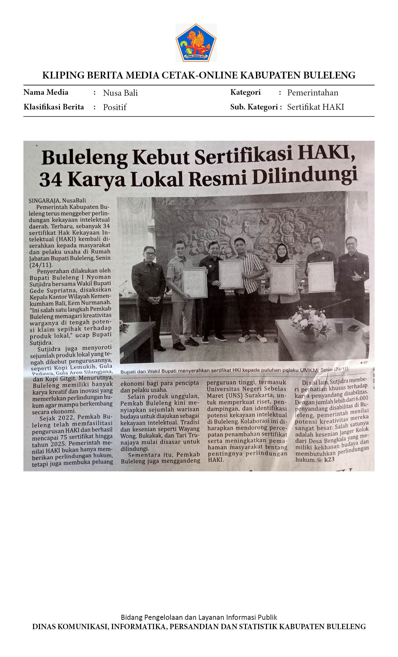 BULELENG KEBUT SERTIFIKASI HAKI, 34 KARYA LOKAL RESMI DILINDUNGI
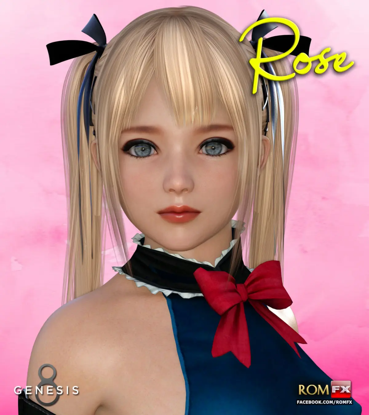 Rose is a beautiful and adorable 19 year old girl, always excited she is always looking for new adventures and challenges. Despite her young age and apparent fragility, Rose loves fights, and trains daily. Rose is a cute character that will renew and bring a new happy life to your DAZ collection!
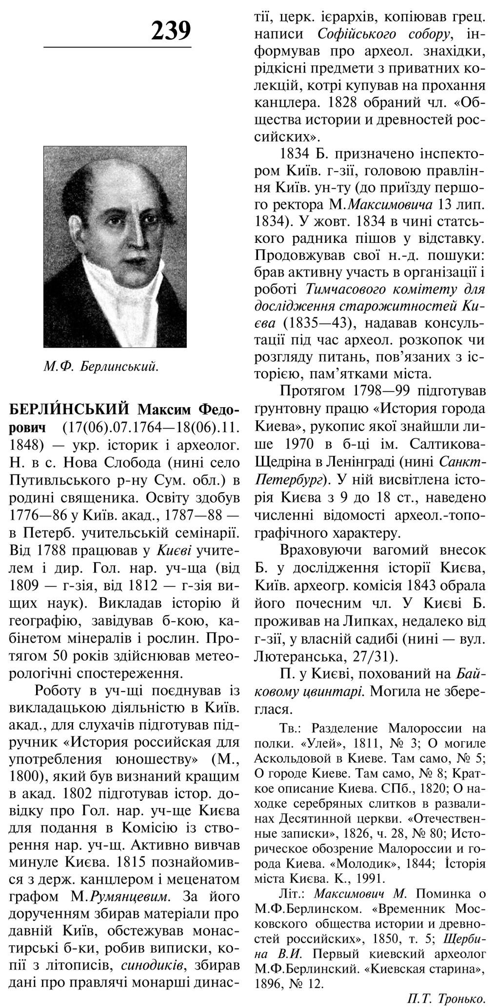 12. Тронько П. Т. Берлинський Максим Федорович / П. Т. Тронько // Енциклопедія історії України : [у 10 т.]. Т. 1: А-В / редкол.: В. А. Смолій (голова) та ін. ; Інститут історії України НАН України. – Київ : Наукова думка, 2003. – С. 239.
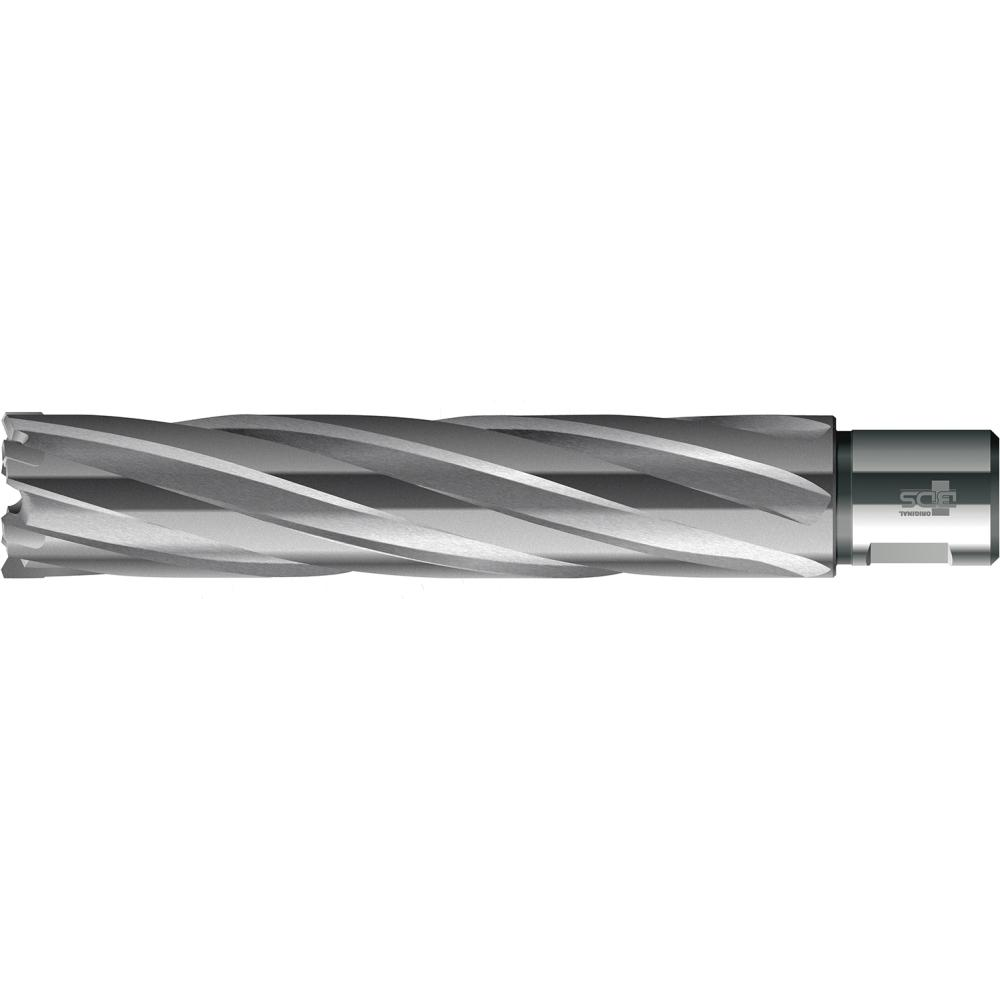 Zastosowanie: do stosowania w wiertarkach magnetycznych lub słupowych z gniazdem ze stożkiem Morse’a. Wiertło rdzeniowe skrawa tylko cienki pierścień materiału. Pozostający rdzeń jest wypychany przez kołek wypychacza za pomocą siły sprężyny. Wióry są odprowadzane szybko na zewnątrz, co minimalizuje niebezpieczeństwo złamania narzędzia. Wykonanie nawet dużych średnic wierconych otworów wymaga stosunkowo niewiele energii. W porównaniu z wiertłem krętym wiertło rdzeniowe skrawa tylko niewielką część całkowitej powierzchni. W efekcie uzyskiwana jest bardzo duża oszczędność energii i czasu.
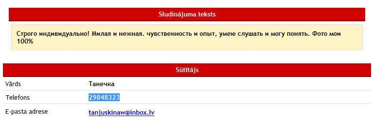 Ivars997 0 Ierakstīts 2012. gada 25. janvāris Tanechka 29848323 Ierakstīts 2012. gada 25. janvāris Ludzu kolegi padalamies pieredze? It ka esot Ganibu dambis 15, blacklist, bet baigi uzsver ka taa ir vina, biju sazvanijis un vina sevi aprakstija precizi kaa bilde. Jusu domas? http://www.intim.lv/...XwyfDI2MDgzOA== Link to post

++++++

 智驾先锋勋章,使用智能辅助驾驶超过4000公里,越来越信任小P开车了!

++++++

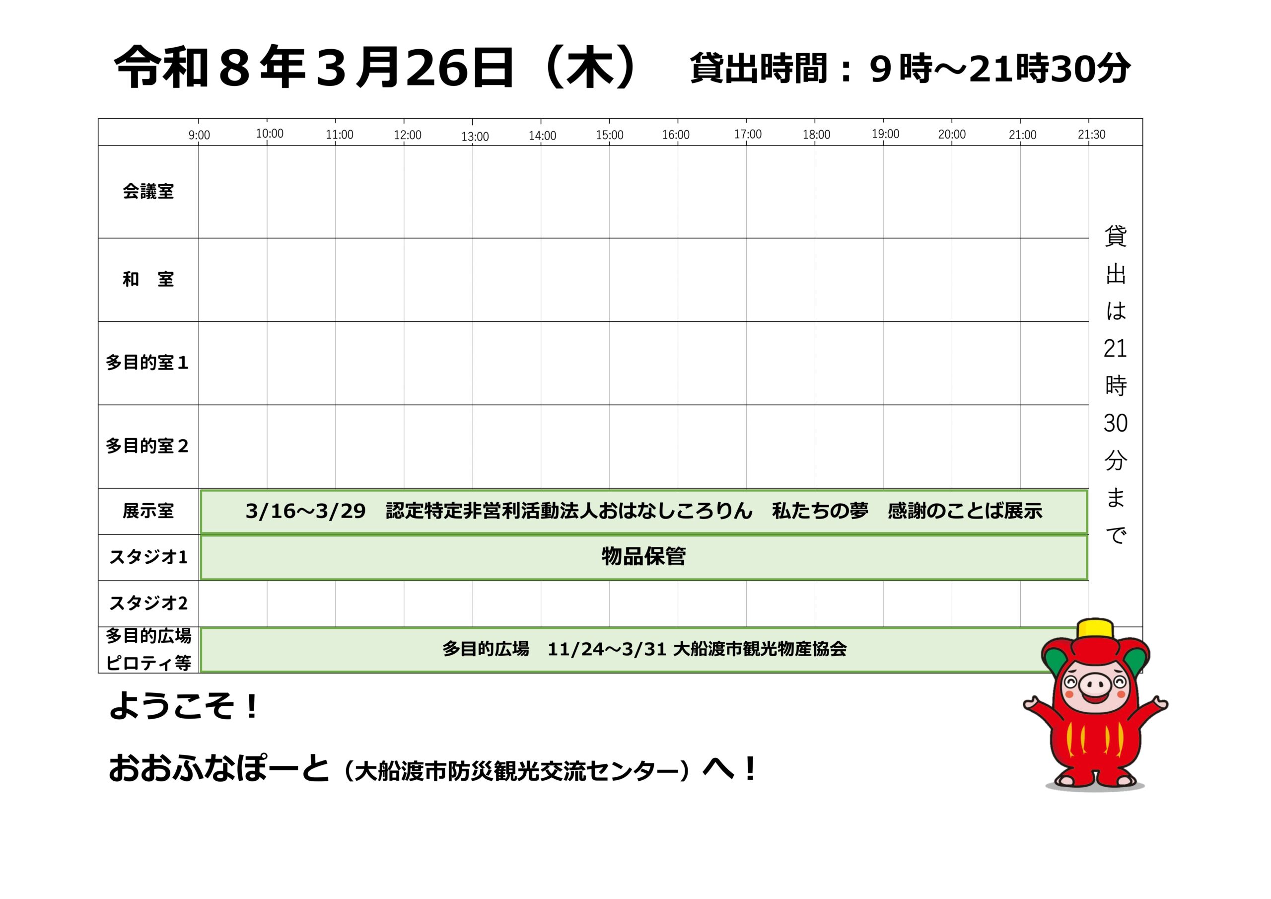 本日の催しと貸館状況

++++++

> **Aim of the task**:
In the data above, find the line containing "BULELENG KEBUT SERTIFIKASI" and the line containing "Rose is a beautiful". Copy exactly the stretch from the first through the second, both included, leaving out any picture.

> **Reply**:
 BULELENG KEBUT SERTIFIKASI HAKI, 34 KARYA LOKAL RESMI DILINDUNGI
 Rose is a beautiful and adorable 19 year old girl, always excited she is always looking for new adventures and challenges. Despite her young age and apparent fragility, Rose loves fights, and trains daily. Rose is a cute character that will renew and bring a new happy life to your DAZ collection!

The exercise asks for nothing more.